* [DATA TO EXAMINE]

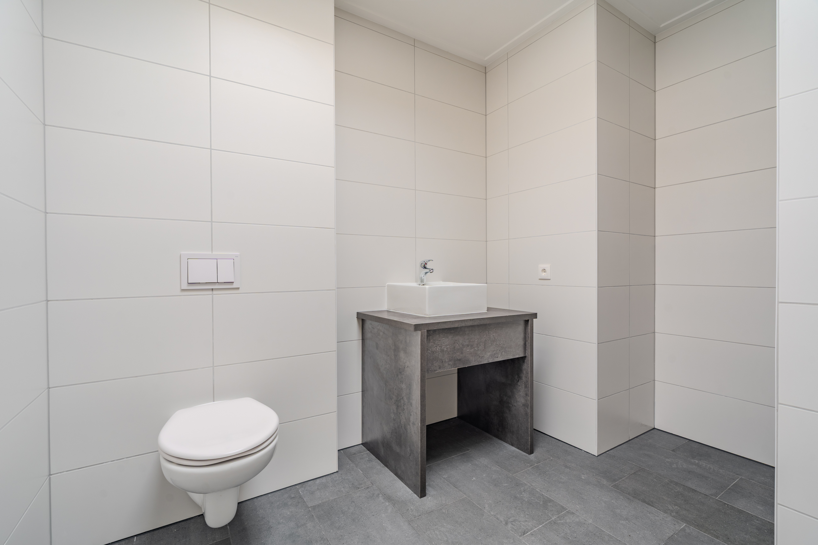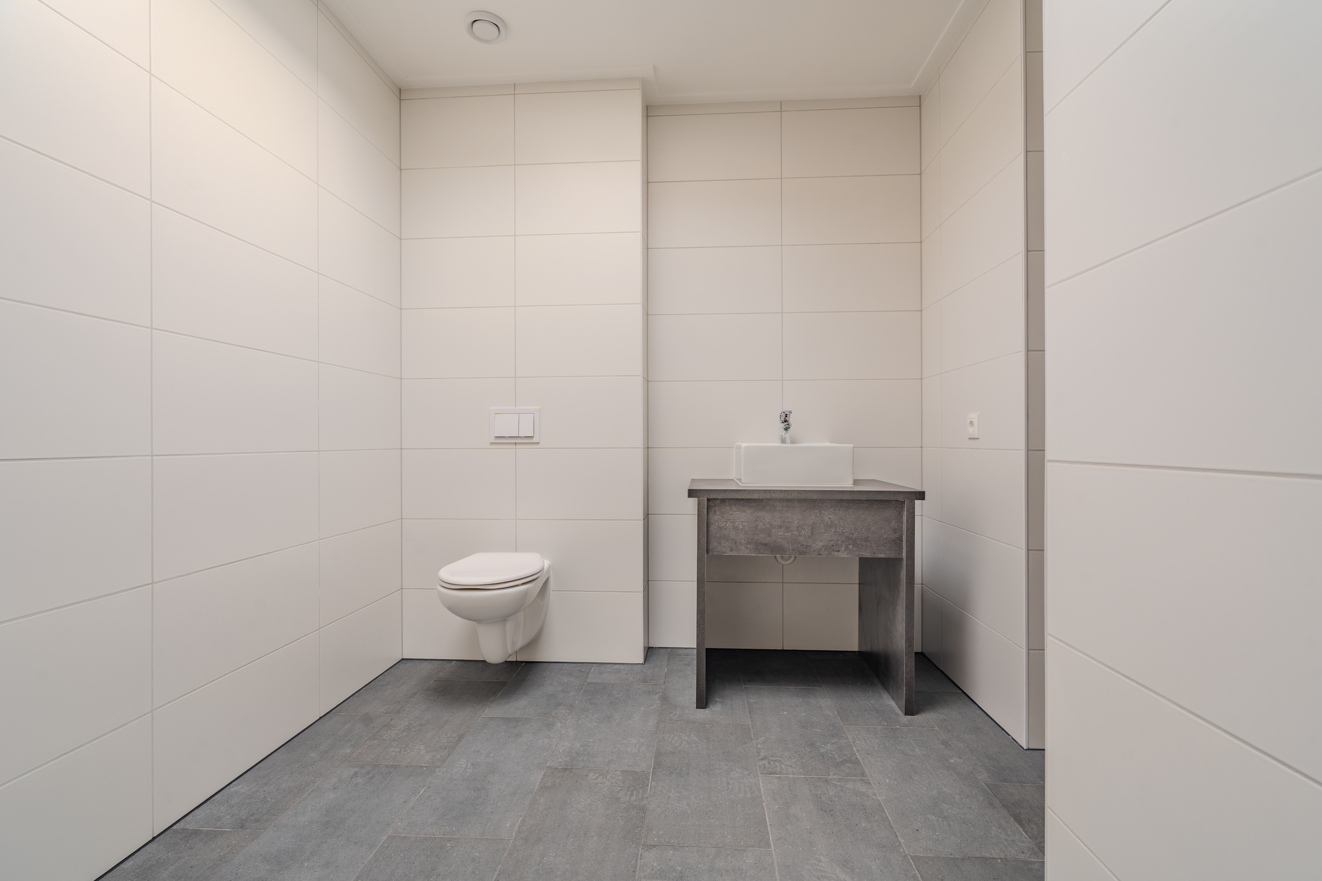 Op de eerste verdieping kom je in de royale en lichte woonkamer met open keuken. Dankzij de grote raampartijen voelt deze ruimte prettig en ruim aan. Vanuit de keuken en hal is er toegang tot het ruime dakterras. Verder vind je op deze verdieping een bijkeuken en een separaat toilet.
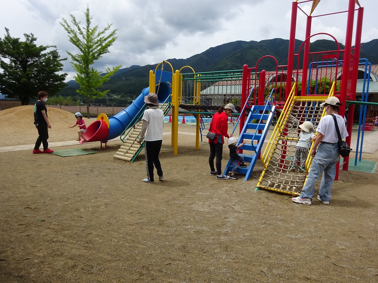 今年度初めての園庭開放でしたが、大型遊具や砂場、ブランコで体をたくさん動かしてあそんでいました。
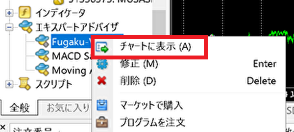 1つは「ナビゲーター」に表示されているEA名をドラックしてチャートの上までもっていく方法、もう1つは下記画像の様にEA名の上で右クリックをして「チャート表に表示」を選択してクリックする方法です。
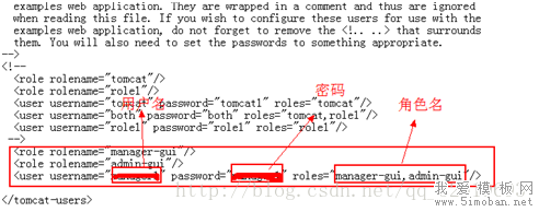 在conf目录下的tomcat-users.xml文件里面,用记事本打开这个文件;找到下面这个位置,加上这几句代码:
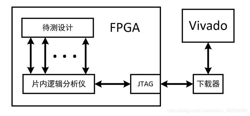 在线逻辑分析仪(ILA)Vivado的在线逻辑分析仪(ILA)其借用了传统逻辑分析仪的理念以及大部分的功能, 并利用 FPGA 中的逻辑资源, 将这些功能植入到 FPGA 的设计当中。如下图所示,ILA占用一部分FPGA内部逻辑资源,可看做一个模块,被设计模块所调用。ILA使用时需要与下载器连接,将FPGA的测试信号传回到vivadoIDE中,显示波形以供调试。运行过程如下:
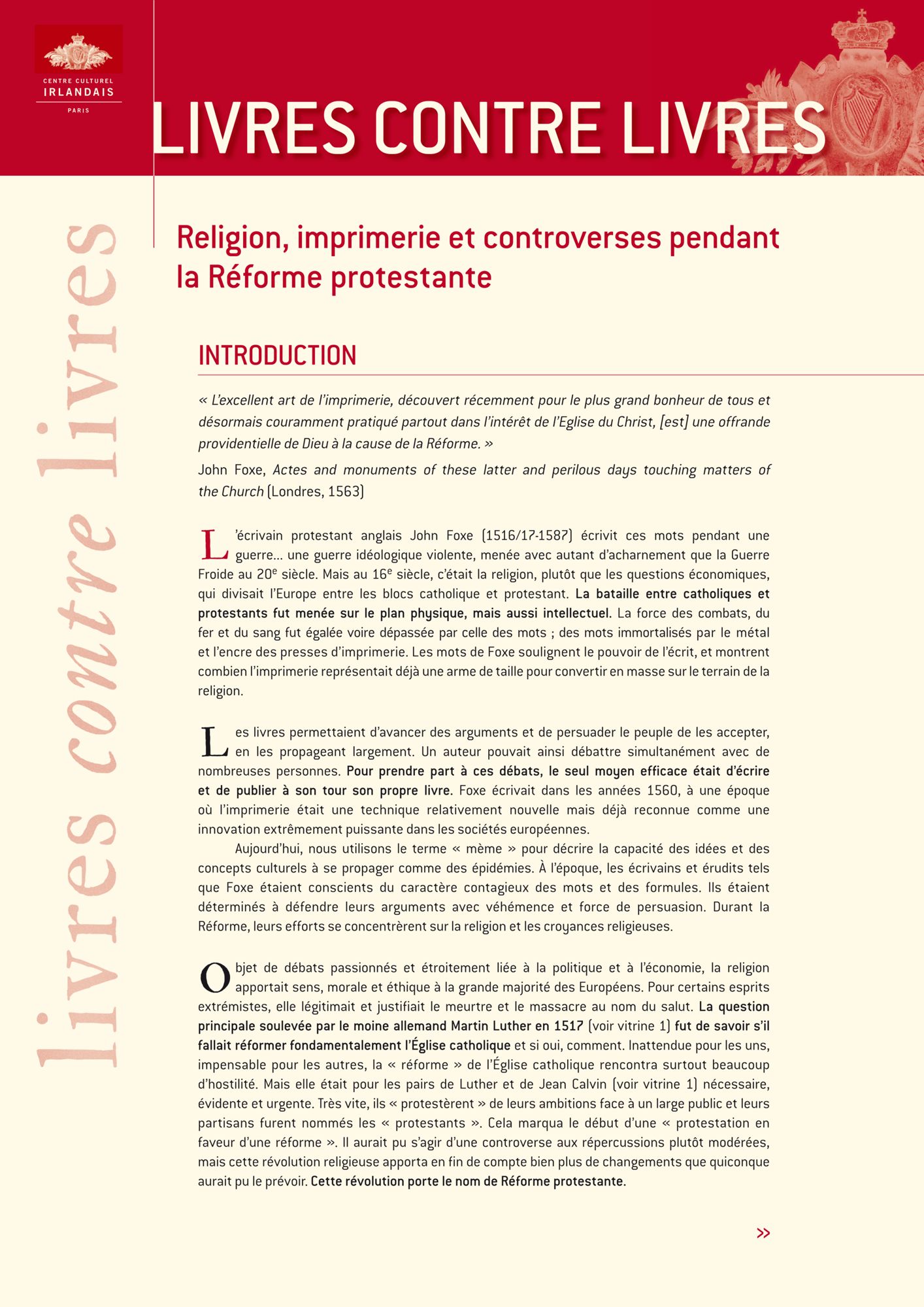 L'imprimerie joua donc un rôle de premier plan dans ce processus et nous transmit nombre des ouvrages conservés aujourd'hui au sein de la Bibliothèque Patrimoniale. Elle rendit possible une « guerre des mots », dont le riche héritage orne nos rayons. Parmi les collections de la Bibliothèque Patrimoniale du Centre Culturel Irlandais nous retrouvons de nombreux ouvrages majeurs retraçant une lutte intellectuelle intense, un conflit à la conquête des cœurs, des esprits et surtout des âmes, pendant la Réforme et dans son sillage. Du début du 16ème siècle et jusqu'à la fin du 17ème, les conflits, physiques et rhétoriques, étaient très violents. A partir du 18ème siècle, il était de l'avis général que la scission serait définitive mais des tensions bien ancrées, des discordes marquées et des controverses sporadiques subsistèrent longtemps après.
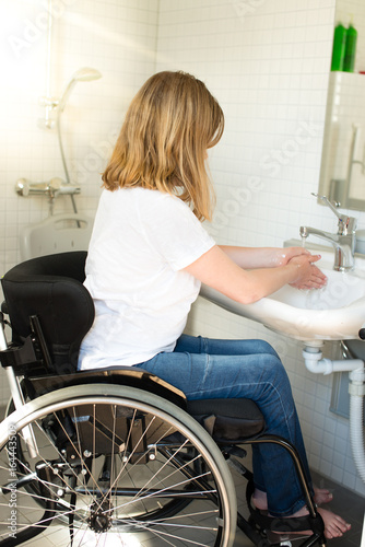 Person in a wheelchair washing hands
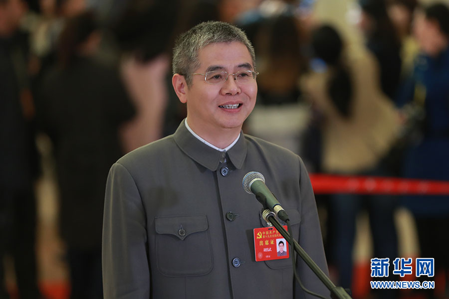 10月24日,人民大會堂舉辦“黨代表通道”第三場采訪活動。圖為胡偉武代表接受采訪。新華網(wǎng)記者 翟子赫 攝
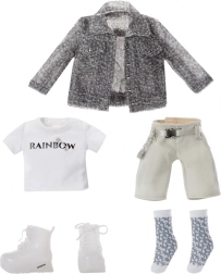 El set incluye varias prendas que pueden combinarse entre sí: desde camiseta y americana hasta shorts, calcetines y botas con cordones. Ideal para infinitas variaciones de estilo.
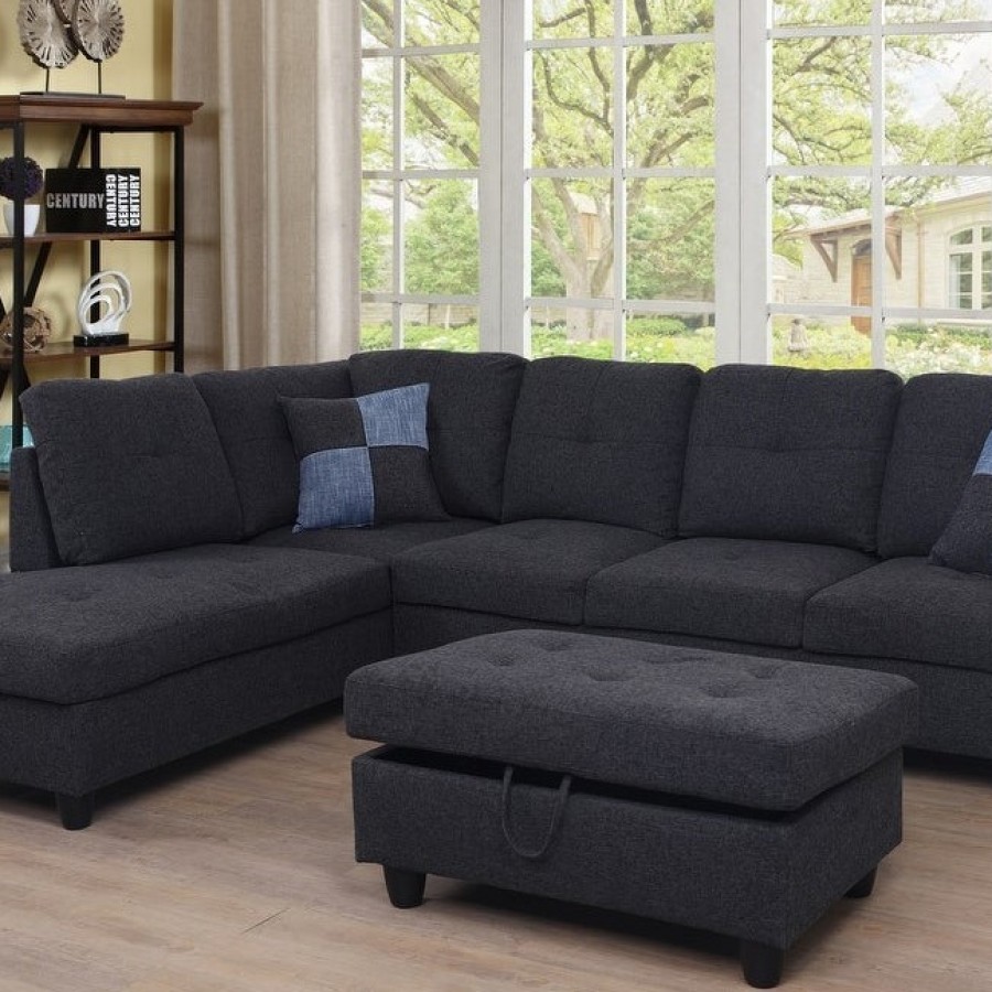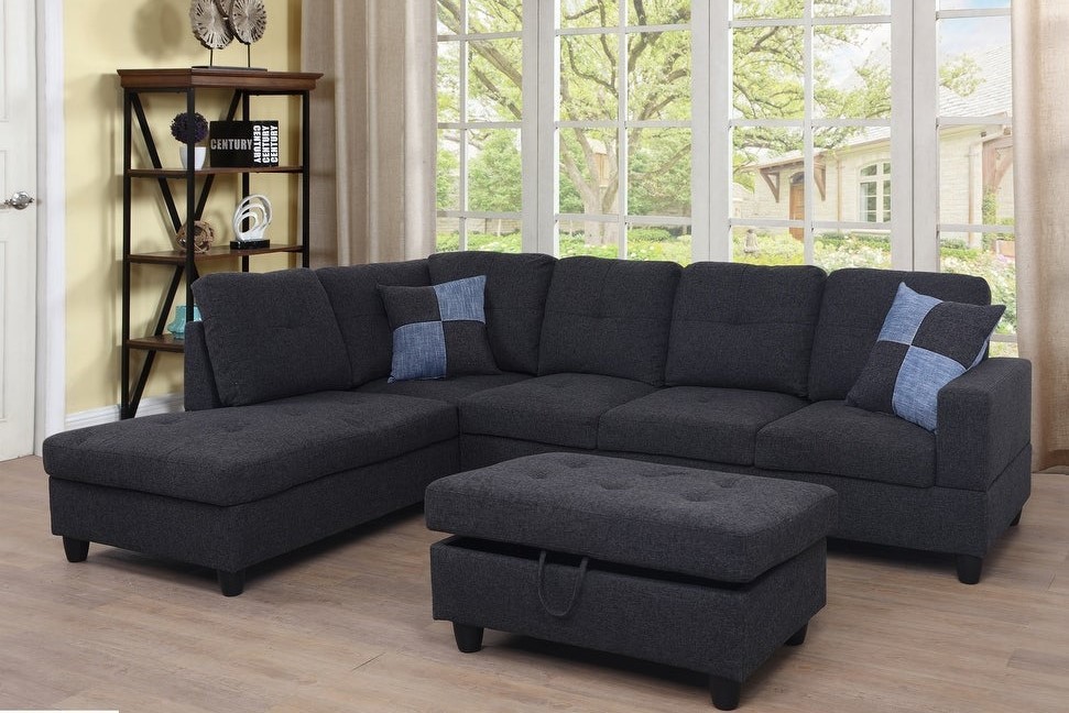The beautiful sectional couch set come with chaise,ottoman,2 square pillows. suitable for any traditional and contemporary home in your living room, den or office.Designed with sturdy wood frame constructed, seat and back cushions filled with high density memory foam padding,and base covered in high quality textile grey fabric. the sectionals are easy to assemble. offer customer maximum comfort no matter where you choose to sit.

* [ASSIGNED TASK] Exactly the lines from the top of the listing through the line with "在线逻辑分析仪(ILA)Vivado的在线逻辑分析仪(ILA)其借用了传统逻辑分析仪的理念以及大部分的功能, 并利用 FPGA", and no pictures, should be printed.

* [OUTPUT OF THE EXERCISE]
 Op de eerste verdieping kom je in de royale en lichte woonkamer met open keuken. Dankzij de grote raampartijen voelt deze ruimte prettig en ruim aan. Vanuit de keuken en hal is er toegang tot het ruime dakterras. Verder vind je op deze verdieping een bijkeuken en een separaat toilet.
 今年度初めての園庭開放でしたが、大型遊具や砂場、ブランコで体をたくさん動かしてあそんでいました。
 1つは「ナビゲーター」に表示されているEA名をドラックしてチャートの上までもっていく方法、もう1つは下記画像の様にEA名の上で右クリックをして「チャート表に表示」を選択してクリックする方法です。
 在conf目录下的tomcat-users.xml文件里面,用记事本打开这个文件;找到下面这个位置,加上这几句代码:
 在线逻辑分析仪(ILA)Vivado的在线逻辑分析仪(ILA)其借用了传统逻辑分析仪的理念以及大部分的功能, 并利用 FPGA 中的逻辑资源, 将这些功能植入到 FPGA 的设计当中。如下图所示,ILA占用一部分FPGA内部逻辑资源,可看做一个模块,被设计模块所调用。ILA使用时需要与下载器连接,将FPGA的测试信号传回到vivadoIDE中,显示波形以供调试。运行过程如下:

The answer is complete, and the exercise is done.